Recuerdo de pequeña querer atravesar las páginas para poder decirle a una Ayla que sufría por su aspecto: "no sufras porque ellos son los feos, ¡y tú la guapa!". Realmente, yo estaba equivocada. Ella era la fea y ellos los guapos. Así estaba establecido en aquel momento histórico y en aquella microsociedad... y no había más verdad que esa. Sin embargo, es un claro reflejo de lo que es "la verdad". De lo que es "lo feo" y "lo bonito". Y también un ejemplo de lo que podemos llegar a sufrir las mujeres por cánones cambiantes sin ningún tipo de sentido ni lógica. En las sociedades patriarcales, con miradas masculinas todas ellas, nos miramos con la misma lupa con la que se miraba Ayla en el reflejo del lago. Al igual que le ocurría a Ayla, los referentes que nos ordenan que clonemos no solo no son como nosotras, sino que son inalcanzables, una tarea imposible. Inalcanzables incluso para las mismas mujeres que nos venden como referentes, ya que después de la foto, llega el photoshop. No podemos ganar. Ninguna puede ganar. Podemos estar más o menos satisfechas, pero solo temporalmente, porque luego viene la vejez con las arrugas y la flacidez, y de ahí ya no escapa ninguna.
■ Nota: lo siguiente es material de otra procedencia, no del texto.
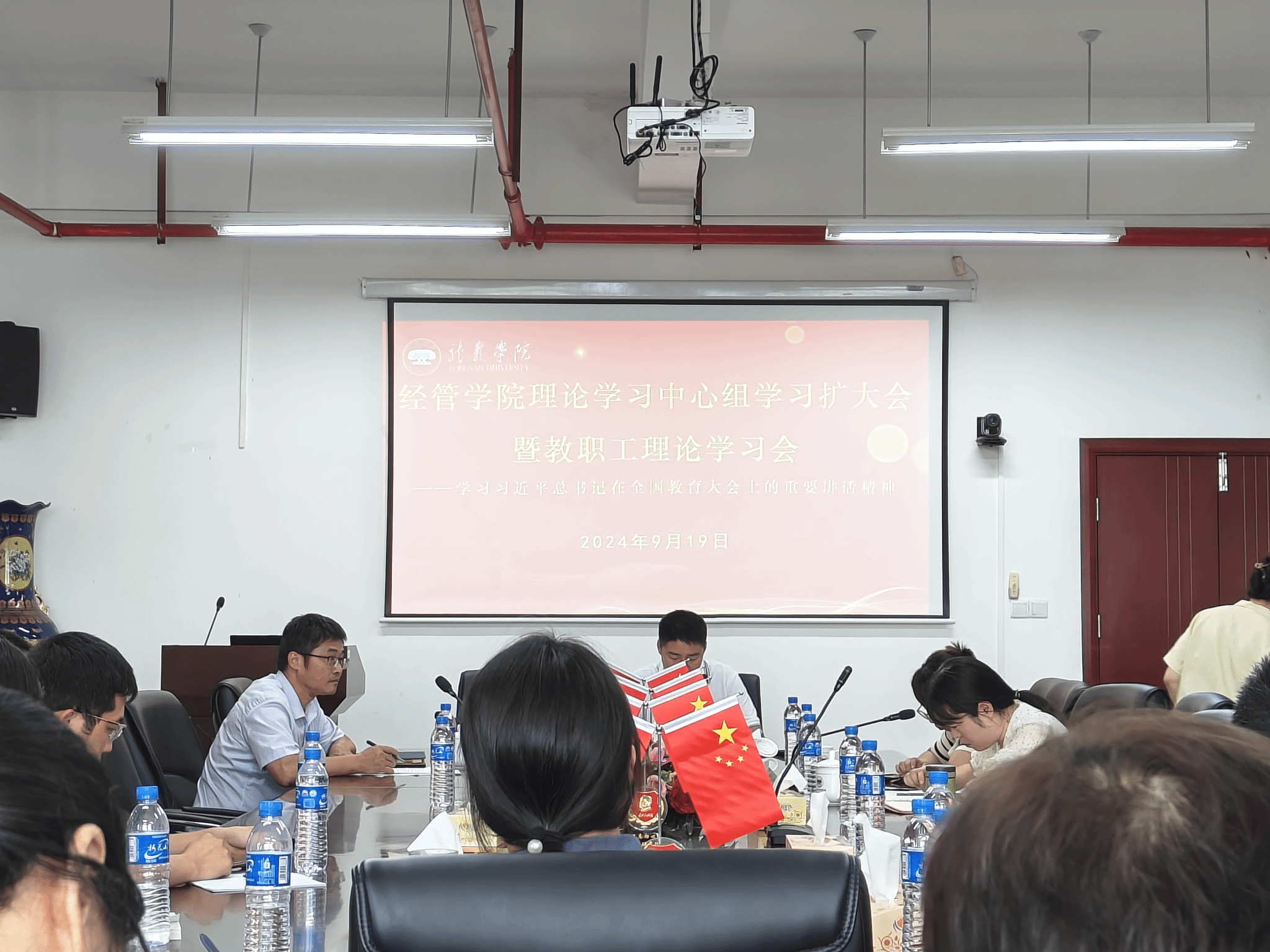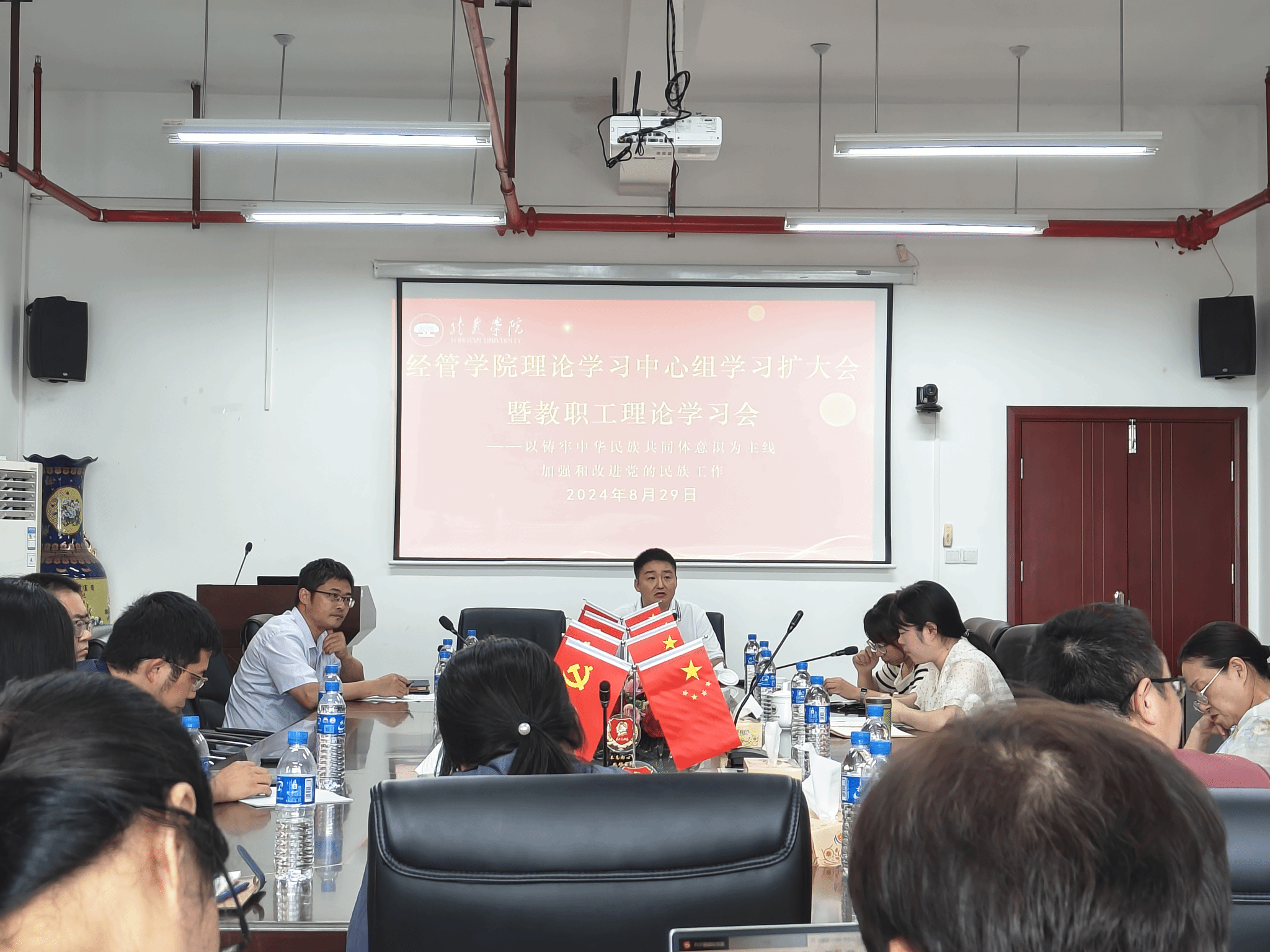 9月19日下午,经管学院在厚德楼619会议室召开理论学习中心组暨教工理论学习会。深入学习贯彻铸牢中华民族共同体意识和习近平总书记在全国教育大会上的重要讲话精神。学习会由经管学院院长黄可权主持,全院教职工参加。

Estamos imbuidas en la mirada patriarcal, y lo que nos devuelve el espejo lo observamos con los ojos de una sociedad que odia a las mujeres, que las violenta, las discrimina, les exige lo imposible y las castiga por no conseguirlo. Muchas ya se dieron por vencidas, muchas aún siguen peleándose con el espejo, pero quizás, entre todas, entre las cansadas, las que aún pelean y las que empiezan esta lucha contra sí mismas, podamos -feminismo mediante- aliviar las mochilas de las son tan pequeñas que aún se creen libres. Quizás no estemos tan lejos de que nuestras espaldas sirvan para que ellas se alcen para gritar que no quieren ser de otra forma, que son como son, flacas o corpulentas, con gafas o sin ellas, con una nariz grande o con granos, bajas y altas, con las orejas más o menos pegadas a la cabeza, con el pelo más o menos gobernable.
Son niñas y son perfectas. Estoy segura de que podemos convencerlas de que el espejo social es el que está roto, mancillado, oxidado y podrido. El único que debe pasar por intervenciones. Y que entiendan que su cuerpo es su único vehículo en el mundo, y que solo ellas lo dirigen. Ellas son las únicas gobernantas de sí mismas. Y con ese talante que estoy segura de que tendrá amplio éxito, el patriarcado se tambaleará mucho más. Y a enemigo que se tambalea, con un último empujón se le tumba.